Answer
a. $7614$
b. $n=4(i-1)+(j-1)=4i+j-5$
c. $r=(n\div 4)+1$ and $s=(n \mod 4)+1$
Work Step by Step
a. We count to see that $a_{22}$ is the sixth entry. Intuitively, we use the sum $7609+0$ to get the first entry, $7609+1$ to get the second, and, in general, $7609+(n-1)$ to get the memory location of the "nth" entry. Therefore, we have the place of $a_{22}$ as $7609+(6-1)=7609+5=7614$.
b. We let $L(a_{ij})$ designate the memory location of entry $a_{ij}$. We add one memory place for every column to the left and four memory places for every row above a given entry, beginning at $7609$. This yields the formula $L(a_{ij})=7609+n$$=7609+4(i-1)+(j-1)-5$, so we have $n=4(i-1)+(j-1)-5=4i+j-5$.

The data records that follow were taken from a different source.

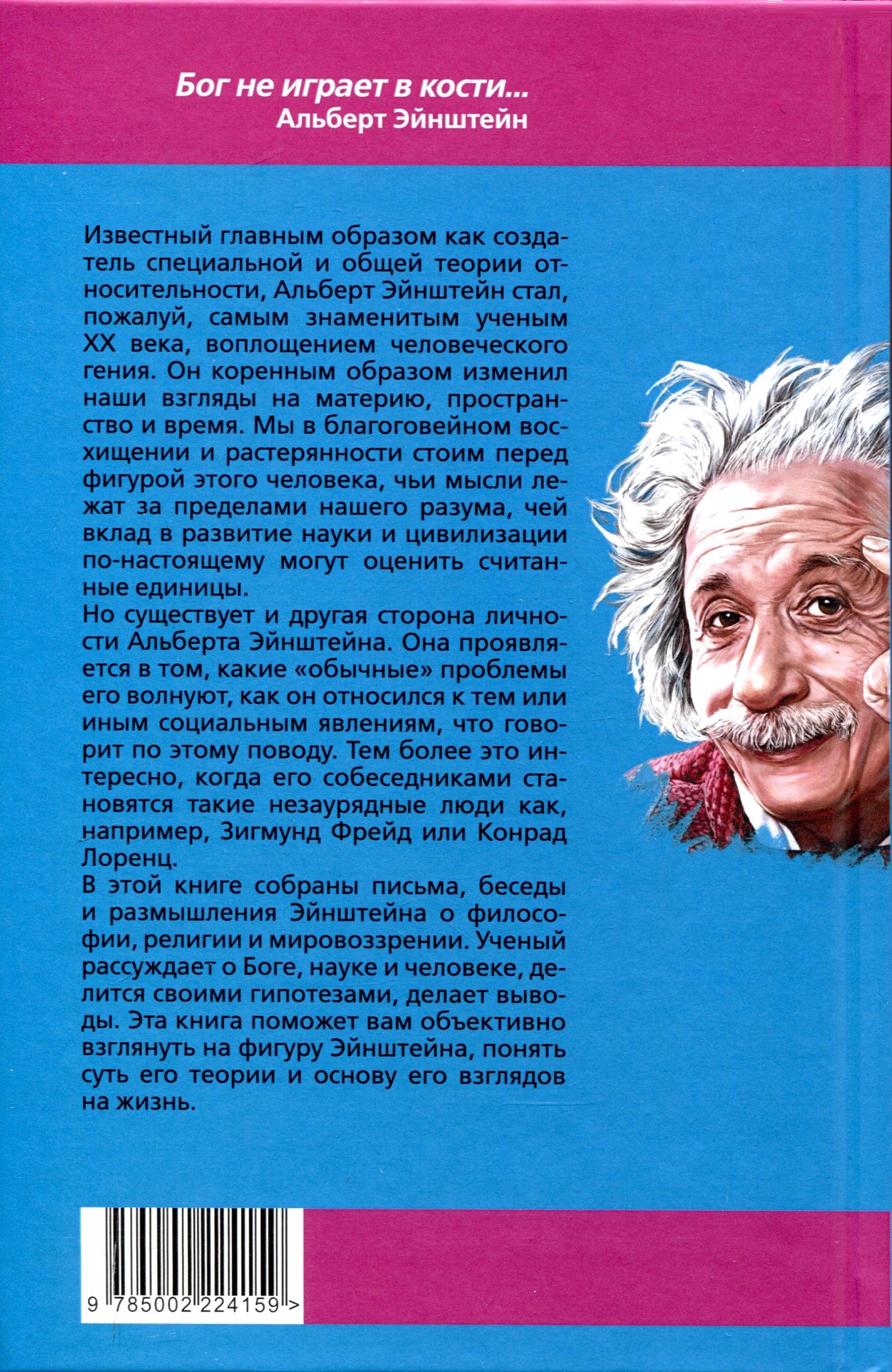 В этой книге собраны письма, беседы и размышления Эйнштейна о философии, религии и мировоззрении. Ученый рассуждает о Боге, науке и человеке, делится своими гипотезами, делает выводы. Эта книга поможет вам объективно взглянуть на фигуру Эйнштейна, понять суть его теории и основу его взглядов на жизнь.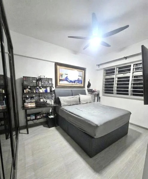 This thoughtfully designed 3-bedroom flat boasts a modern galley kitchen with striking two-tone cabinetry, perfect for culinary enthusiasts. The master bedroom features mirrored wardrobe doors and an integrated study area, while the second bedroom is adorned with playful pink accent walls and butterfly decals, making it ideal for children or guests. A dedicated multi-purpose room serves as a home gym and guest space, ensuring versatility for your lifestyle needs.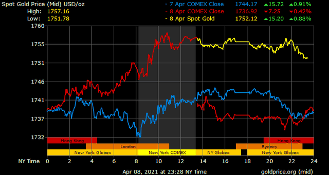 Trên thị trường vàng thế giới, giá vàng giao ngay chốt phiên đêm qua tại Mỹ tăng 18,2 USD lên 1.755,8 USD/ounce. Sang phiên châu Á sáng nay, giá vàng giảm nhanh về gần ngưỡng 1.750 USD/ounce.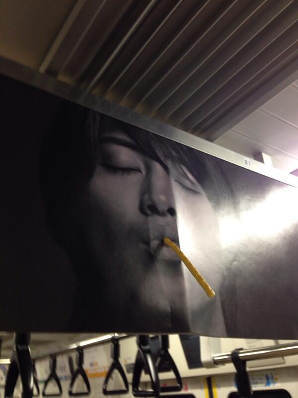 出典:電車内に筆がぶら下がっている!? 斬新なデザインの中吊り広告が目撃される (2016年4月22日) - エキサイトニュース

c. If $a_{rs}$ is stored in memory location $7609+n$, then by the quotient-remainder theorem, $n=$$4(n\div\ 4) + (n\ mod\ 4)$$=4m+n$ for some unique values $m$ and $n$. However, $m$ and $n$ begin at zero, not one, so we let $r=m+1$ and $s=n+1$ to get the correct formulas. Note that we let $4$ be our divisor since each row has $4$ entries.